Results of the second trial are tabulated in Table 2. Process 11 is the first to reach a state of stability at generation 80. Shortly thereafter, neighboring processes to the left and right of process 11 reach states of stability. A chain effect takes place as stability arises consecutively in a leftward direction from processes 9 and 10, and in a rightward direction from processes 12 and 1. This stability propagates in both directions around the chain until the last process, process 4, reaches a state of stability at generation 800. Furthermore, after certain processes have reached stability, and one of their neighboring processes has not, stability is maintained despite equally frequent migrations of non-cooperative individuals from the unstable neighboring process.

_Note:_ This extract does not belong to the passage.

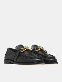 BOTTEGA VENETA shoes in black, loafer design, paneled leather construction, low-top, slip-on style, loafer-style vamp, gold-tone signature metallic knot detailing, block heel, leather sole & logo debossing, lined. Made in Italy Outer: 100% Calfskin Inner: 100% Calfskin European Sizing

These results strongly support the hypothesis that niceness will spread through migration.

Discussion

Using the genetic algorithm, this study has shown that cooperation tends to increase from an initially random state in the iterated prisoner’s dilemma game. In this model, niceness was shown to be unstable when left alone—a population of nice but unskilled players can be taken advantage of by any defector through chance. By introducing selective pressure, effects of genetic drift upon IQ were minimized, and niceness was stabilized. In the multiple processor model, this study has shown that cooperation not only tends to increase, but that it also spreads through migration.

It would be interesting to see how results may changed by altering certain parameters that, for the length of this study, have remained constant. For example, what effects would be seen by increasing or decreasing the population size? Also, how would the automata perform if the number of states available with which to make decisions is either increased or decreased? Could the number of states be variable, and could they actually evolve as well? Most interesting, however, would be the results from an implementation that allows future opponents to take into account another player’s reputation from playing others. If players are able to have access to such information, can they use it to make better choices at the time they play with that person?

Source Code

This paper is based upon a senior honors thesis completed in April 2004 at Hobart College, Geneva, New York. A complete copy of the thesis, including source code for programs, is available at http://math.hws.edu/~hourigan/honors/.

References

Axelrod R. (1984). The Evolution of Cooperation. Basic Books.

Goldberg DE. (1989). Genetic Algorithms: in Search, Optimization, and Machine Learning. Addison-Wesley Publishing Company, Inc. Reading, Massachusetts.

Lewis HR and CH Papadimitriou. (1998). Elements of the Theory of Computation. 2nd ed. Prentice-Hall. Upper Saddle River.

Quinn MJ. (2004). Parallel Programming in C with MPI and OpenMP. McGraw-Hill. New York.